:: INFORMATION GIVEN

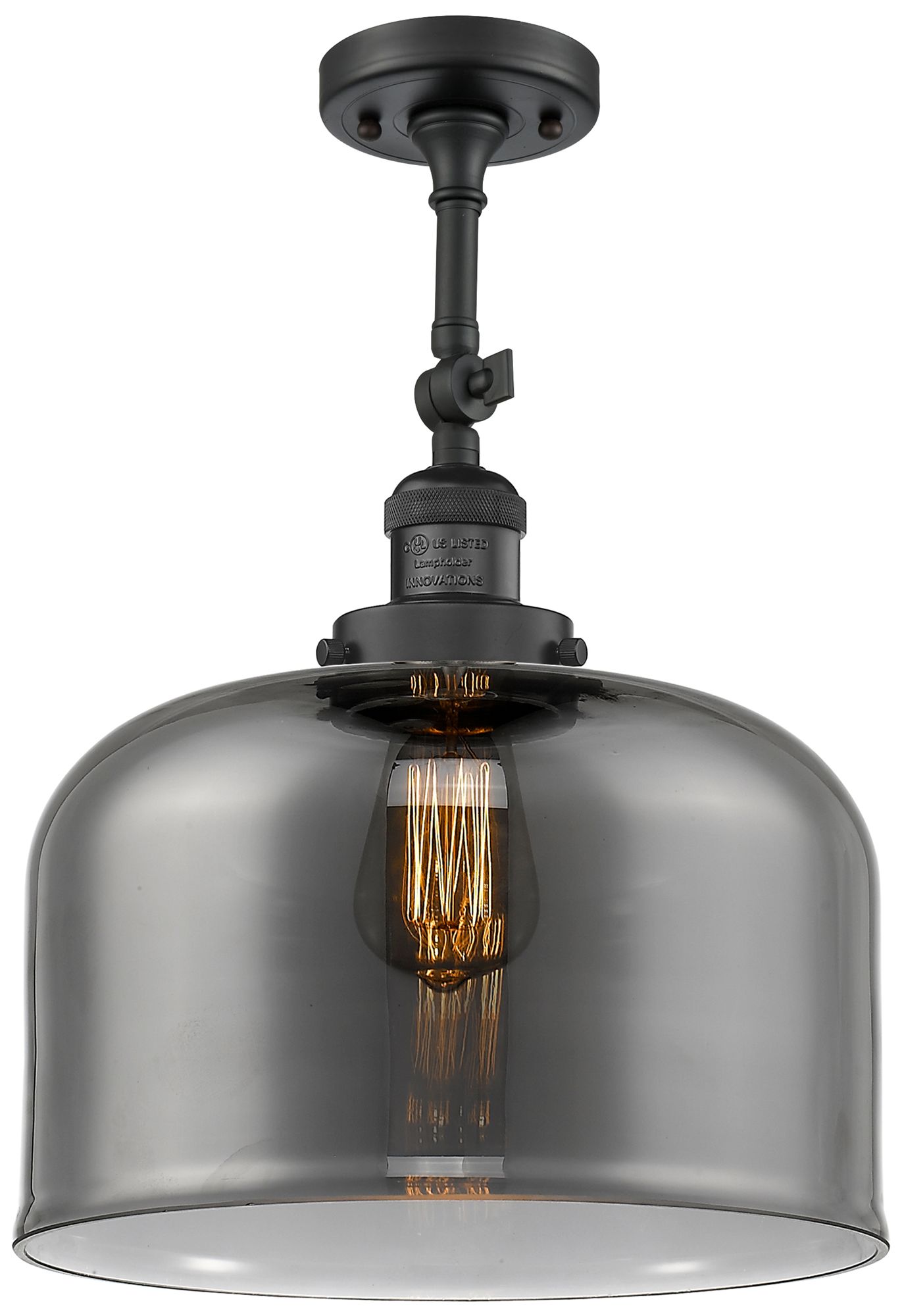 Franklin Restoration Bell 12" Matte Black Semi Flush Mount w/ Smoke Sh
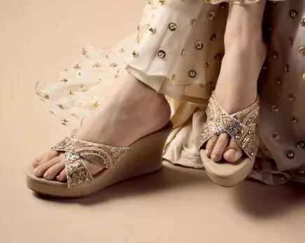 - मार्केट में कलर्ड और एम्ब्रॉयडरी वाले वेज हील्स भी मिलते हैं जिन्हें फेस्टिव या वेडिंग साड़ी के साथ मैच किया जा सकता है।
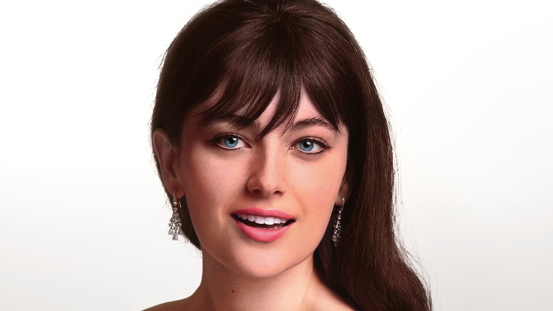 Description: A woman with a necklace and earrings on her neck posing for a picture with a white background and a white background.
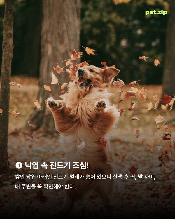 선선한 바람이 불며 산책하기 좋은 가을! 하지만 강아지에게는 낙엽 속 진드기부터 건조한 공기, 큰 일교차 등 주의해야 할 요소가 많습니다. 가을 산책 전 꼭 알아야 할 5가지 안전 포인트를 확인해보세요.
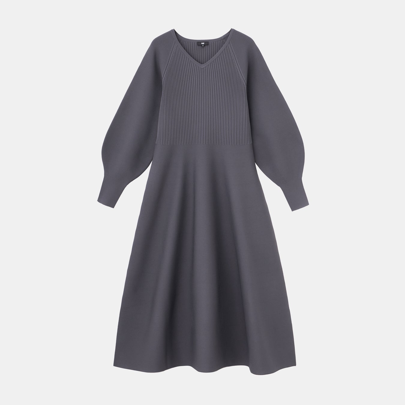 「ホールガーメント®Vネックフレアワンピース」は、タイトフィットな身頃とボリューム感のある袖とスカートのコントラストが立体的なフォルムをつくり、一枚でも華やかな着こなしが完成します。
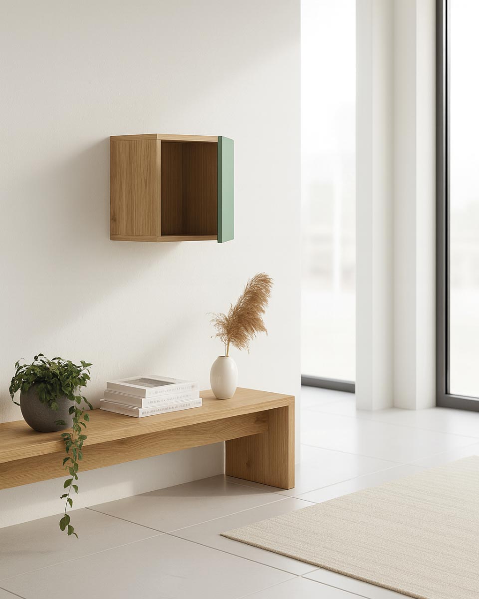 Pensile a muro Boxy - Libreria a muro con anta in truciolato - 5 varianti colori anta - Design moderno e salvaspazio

::::

■ YOUR OBJECTIVE: Could you copy all of the entries above exactly, without the pictures?

■ RESULT OF THE TASK:
 Franklin Restoration Bell 12" Matte Black Semi Flush Mount w/ Smoke Sh
 - मार्केट में कलर्ड और एम्ब्रॉयडरी वाले वेज हील्स भी मिलते हैं जिन्हें फेस्टिव या वेडिंग साड़ी के साथ मैच किया जा सकता है।
 Description: A woman with a necklace and earrings on her neck posing for a picture with a white background and a white background.
 선선한 바람이 불며 산책하기 좋은 가을! 하지만 강아지에게는 낙엽 속 진드기부터 건조한 공기, 큰 일교차 등 주의해야 할 요소가 많습니다. 가을 산책 전 꼭 알아야 할 5가지 안전 포인트를 확인해보세요.
 「ホールガーメント®Vネックフレアワンピース」は、タイトフィットな身頃とボリューム感のある袖とスカートのコントラストが立体的なフォルムをつくり、一枚でも華やかな着こなしが完成します。
 Pensile a muro Boxy - Libreria a muro con anta in truciolato - 5 varianti colori anta - Design moderno e salvaspazio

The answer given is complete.